What is needed: When the line containing "Galvanized oval pan/tub" is found in the data below, give it again along with every later line, exactly; drop the pictures.

### Records for the task

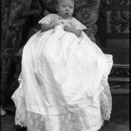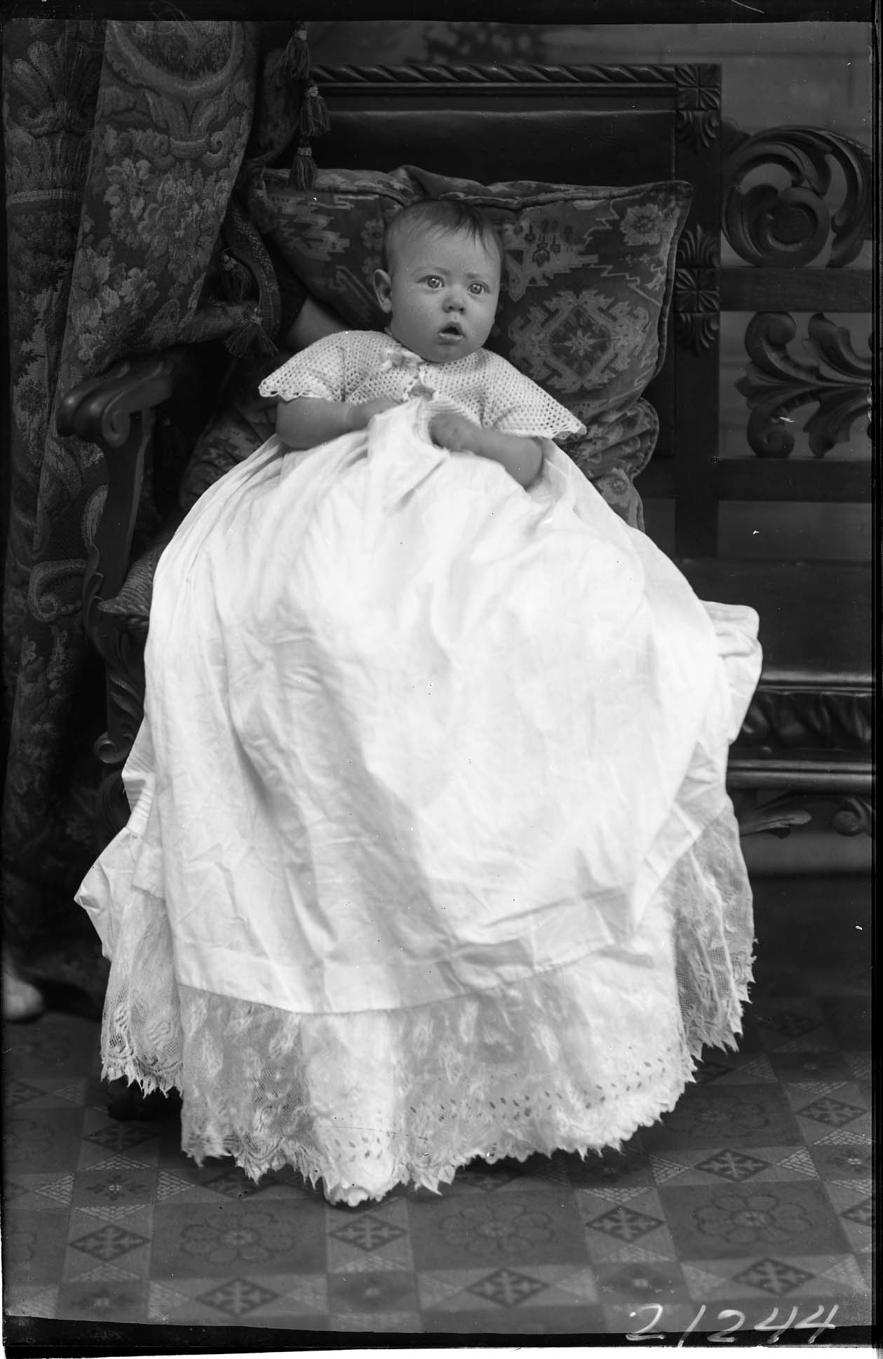 Unidentified baby in a long white dress is seated against a large pillow on a bench.
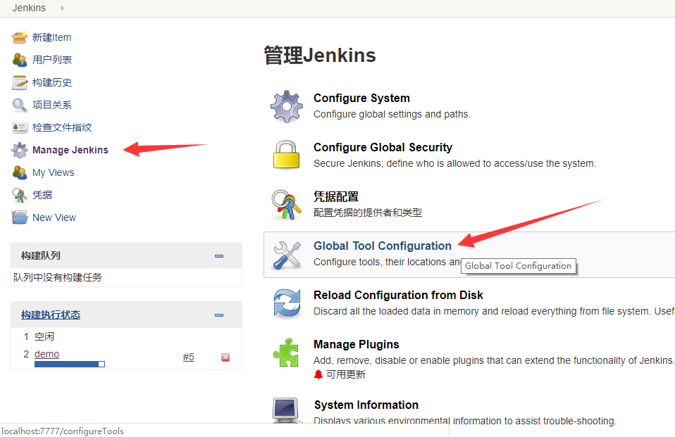 然后登陆jenkins的后台管理: Manage Jenkins -> Global Tool Configuration 选择自己的配置文件
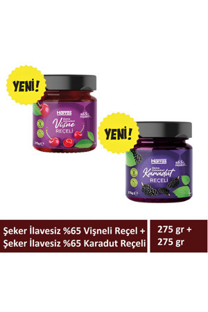 Şeker İlavesiz Vişne Reçeli ve Karadut Reçeli Ekstra Geleneksel 2 Adet x 275 gr
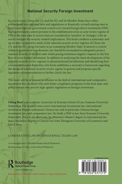 In recent years, China, the US, and the EU and its Member States have either promulgated new national laws and regulations or drastically revised existing ones to exert more rigorous government control over inward foreign direct investment (FDI). Such government control pertains to the establishment of an ex-ante review regime of FDI in the host state in sectors that are considered as 'sensitive' or 'strategic', with an aim to mitigate the security-related implications. This book conducts a systematic and up-to-date comparative study of the national security review regimes of China, the US, and the EU, using Germany as an exampling Member State. It answers a central research question of how domestic law should be formulated to adequately protect national security of the host state whilst posing minimum negative impacts to the free flow of cross-border investment. In addition to analyzing the latest development of the national security review regimes in aforementioned jurisdictions and identifying their commonalities and disparities, this book establishes a normative framework regarding the design of a national security review regime in general and proposes specific legislative recommendations to further clarify the law. This book will be of interest to scholars in the field of international and comparative investment law, investors who seek better compliance programs in the host state, and policymakers who aim for high-quality regulation on foreign investment.
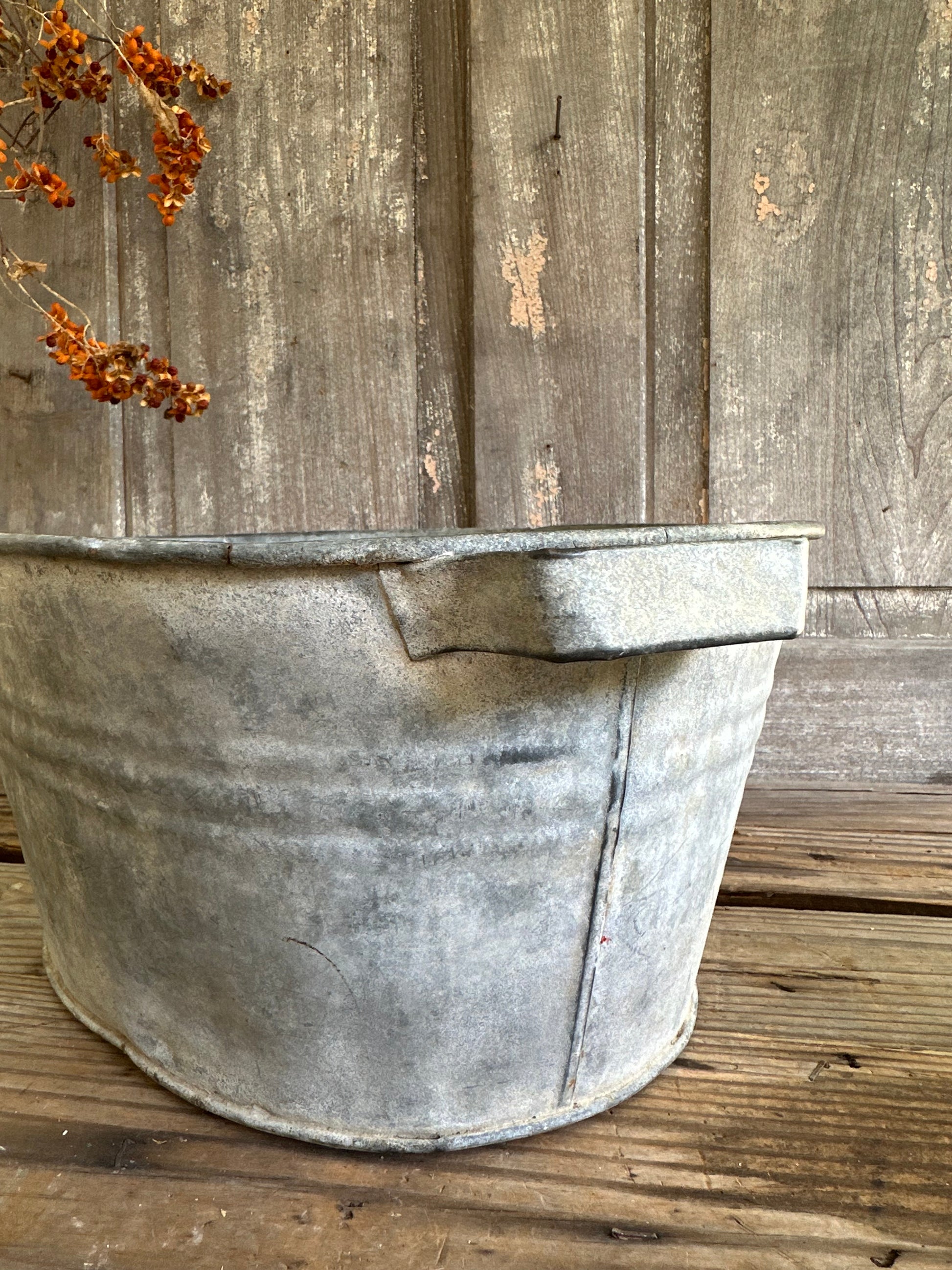 Galvanized oval pan/tub with handle on each end. Approx 17 1/2" wide handle to handle, 6 7/8" tall. See photos for weathered and worn condition. Break in center top and denting. Great for seasonal decor!
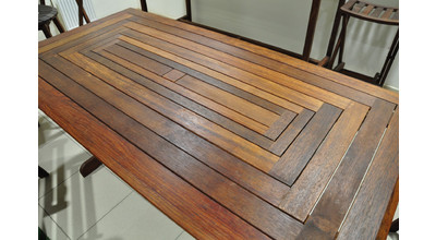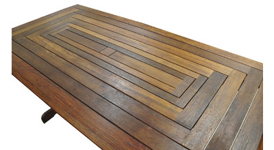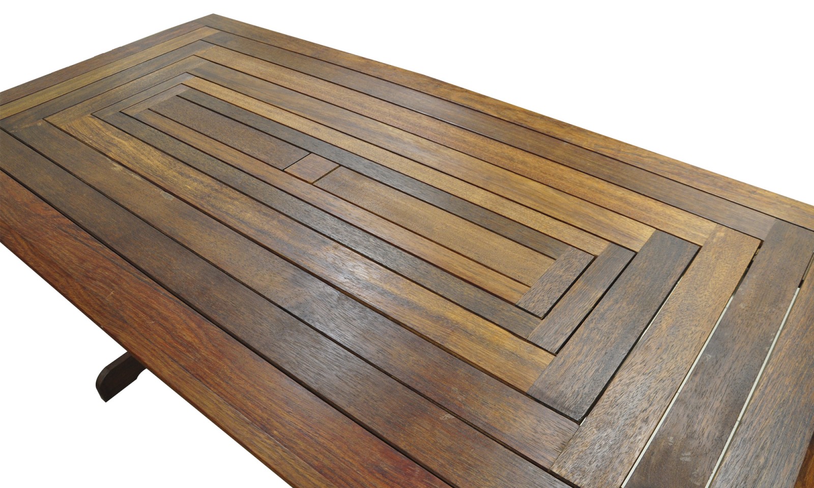 Стол обеденный TS-15a изготовлен из тропической породы дерева Мербау (Квила) (ботаническое название:Intsia bijuga, Intsia palembanica), которое произрастает в экваториальных и тропических лесах Папуа Новой Гвинеи, Филиппинах и Индонезии. Цвет древесины тёмный красно-коричневый с вкраплением золотых прожилок. Высокое содержание маслянистых веществ и природного антисептика в составе дерева позволяет обходится без обработки химическими красителями и защитными покрытиями. Мербау одна из самых долговечных и прочных пород дерева в мире. Идеально подходит для использования на открытом воздухе.
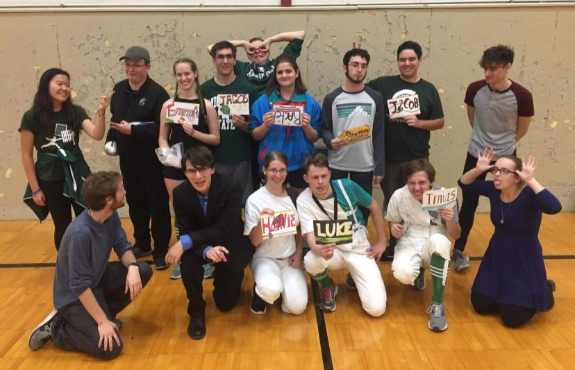 Newbie Tournament 2019 by Webmaster | Aug 30, 2020 | media gallery Epee team picture. Newbie epee bouts. MSU Fencers (Travis, Ryan, Luke, Jacob, Jacob) warming up together. Epee finalists (Luke, Travis) Saber finalists (Jacob, Andrew) Saber looking over their score sheet. Saber pretending to talk in front of a camera. Watching the newbie fencing bouts.
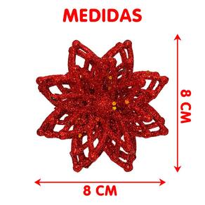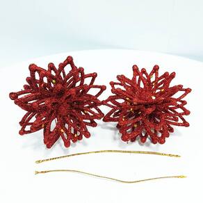 4 Conjunto com 2 Peças Flores Vermelhas com Glitter de 8cm
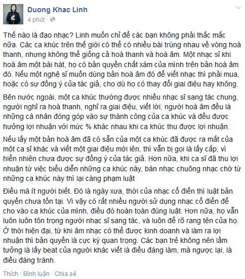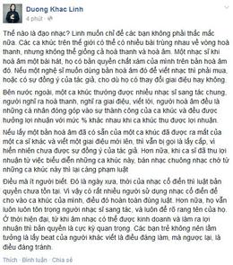 Dòng trạng thái nhạc sĩ Dương Khắc Linh đưa quan điểm về vấn đề đạo nhạc cách đây hơn 4 năm.

######

Task solution:
 Galvanized oval pan/tub with handle on each end. Approx 17 1/2" wide handle to handle, 6 7/8" tall. See photos for weathered and worn condition. Break in center top and denting. Great for seasonal decor!
 Стол обеденный TS-15a изготовлен из тропической породы дерева Мербау (Квила) (ботаническое название:Intsia bijuga, Intsia palembanica), которое произрастает в экваториальных и тропических лесах Папуа Новой Гвинеи, Филиппинах и Индонезии. Цвет древесины тёмный красно-коричневый с вкраплением золотых прожилок. Высокое содержание маслянистых веществ и природного антисептика в составе дерева позволяет обходится без обработки химическими красителями и защитными покрытиями. Мербау одна из самых долговечных и прочных пород дерева в мире. Идеально подходит для использования на открытом воздухе.
 Newbie Tournament 2019 by Webmaster | Aug 30, 2020 | media gallery Epee team picture. Newbie epee bouts. MSU Fencers (Travis, Ryan, Luke, Jacob, Jacob) warming up together. Epee finalists (Luke, Travis) Saber finalists (Jacob, Andrew) Saber looking over their score sheet. Saber pretending to talk in front of a camera. Watching the newbie fencing bouts.
 4 Conjunto com 2 Peças Flores Vermelhas com Glitter de 8cm
 Dòng trạng thái nhạc sĩ Dương Khắc Linh đưa quan điểm về vấn đề đạo nhạc cách đây hơn 4 năm.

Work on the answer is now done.